I attended a class held at my church a couple days ago where we learned about and made emergency heaters. They don't cost much to assemble and they could make all the difference in case of an emergency. Since I think emergency preparedness goes hand-in-hand with self-reliance and frugality, I thought I would share what I learned. You never know when something like this could be useful, after all.
To make your emergency heater, you'll need:
- A new, quart-sized paint can with a lid. These can be purchased at paint stores and home improvement stores like Home Depot for around $2-3.
- A roll of unscented toilet paper (I say, the cheaper the better. I bought a package of the rough, store brand stuff for around a dollar. It wasn't hard to fit into the can -- others at the class had a difficult time because they were using their nice, multiple-ply stuff.)
- A bottle of unscented, 70% isopropyl alcohol
- A box of matches (I just learned that you can waterproof matches by dipping the heads in wax. Pretty cool.)
- A quarter and some tape (I suggest packaging tape)

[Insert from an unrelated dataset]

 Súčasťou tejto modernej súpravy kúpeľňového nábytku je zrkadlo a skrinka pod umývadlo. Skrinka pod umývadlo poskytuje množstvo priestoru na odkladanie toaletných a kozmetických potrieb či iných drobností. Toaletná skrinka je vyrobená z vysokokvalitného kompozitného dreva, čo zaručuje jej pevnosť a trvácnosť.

When you want to use the heater, pop open the lid, using the quarter as leverage. Place the lit match or lighter carefully against the alcohol-soaked toilet paper. A small flame will develop. The flame only uses the alcohol as fuel -- the toilet paper shouldn't burn. If it does start to burn, that means you need more alcohol. To do this, replace the lid to extinguish the flame. Once out, add some more alcohol and light again. Once you've used this heater, the only thing that ever needs replacing is the alcohol since the TP doesn't burn. Assembling the heater is a one-time thing, really.
Important: if you're going to use this heater in a car, crack open the windows for ventilation. Even though the alcohol doesn't produce carbon monoxide, you still want fresh air in such an enclosed space.

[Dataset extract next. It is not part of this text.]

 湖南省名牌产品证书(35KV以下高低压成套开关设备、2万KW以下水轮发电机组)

The teacher of the class said that she burned her heater (to test it out) in her kitchen and it lasted for five hours. According to one site I checked, you can keep a car heated at 60-70 degrees for 24 hours with 4 pints of alcohol. These heaters can get hot, so be careful how you handle them and be sure to keep them away from anything that could catch (obviously). Another site I read suggested sliding the passenger seat in the car as far back as it can go and placing the heater on the floor.

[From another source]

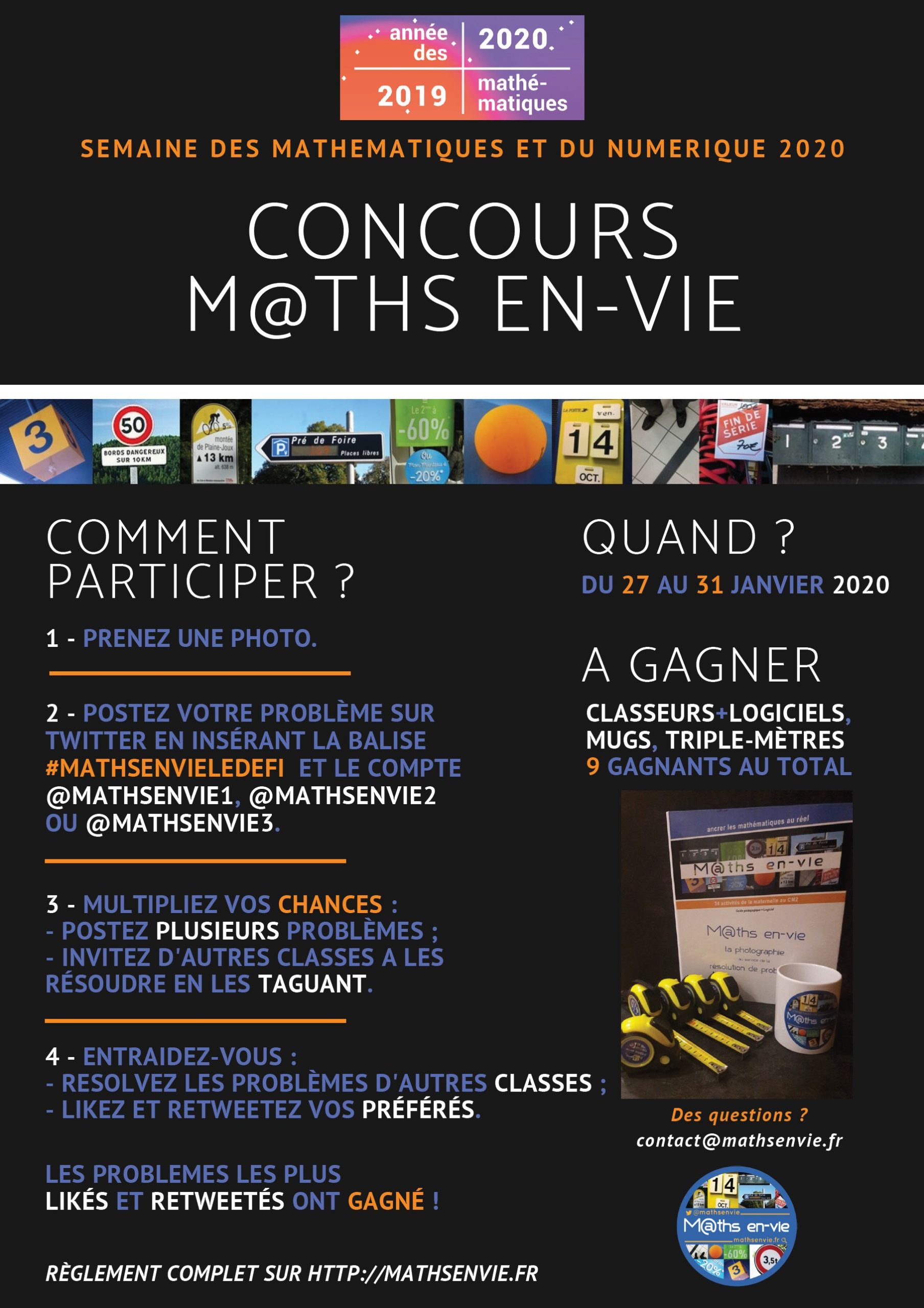 Ce concours a pour objectifs de proposer une activité motivante en résolution de problèmes et de faire découvrir le dispositif M@ths en-vie, son esprit et le réseau social élève autour de la résolution de problèmes. L’activité pourra d’ailleurs être poursuivie bien au-delà de cette semaine. Pour en savoir plus : cliquer ici

You can also use this heater in your home in the event of an emergency. Since the area isn't as small as that of a car, the instructor of the class said that you should be fine without cracking the windows (if you're in a small room, it couldn't hurt to crack it a little). This small heater, of course, won't keep an entire room at 60-70 degrees, but it will keep the chill off enough. These heaters are great for 72-hour kits.
For under five bucks, you can create a heat source for you and your family in the event of an emergency -- and five dollars is a small price to pay for a little extra peace of mind.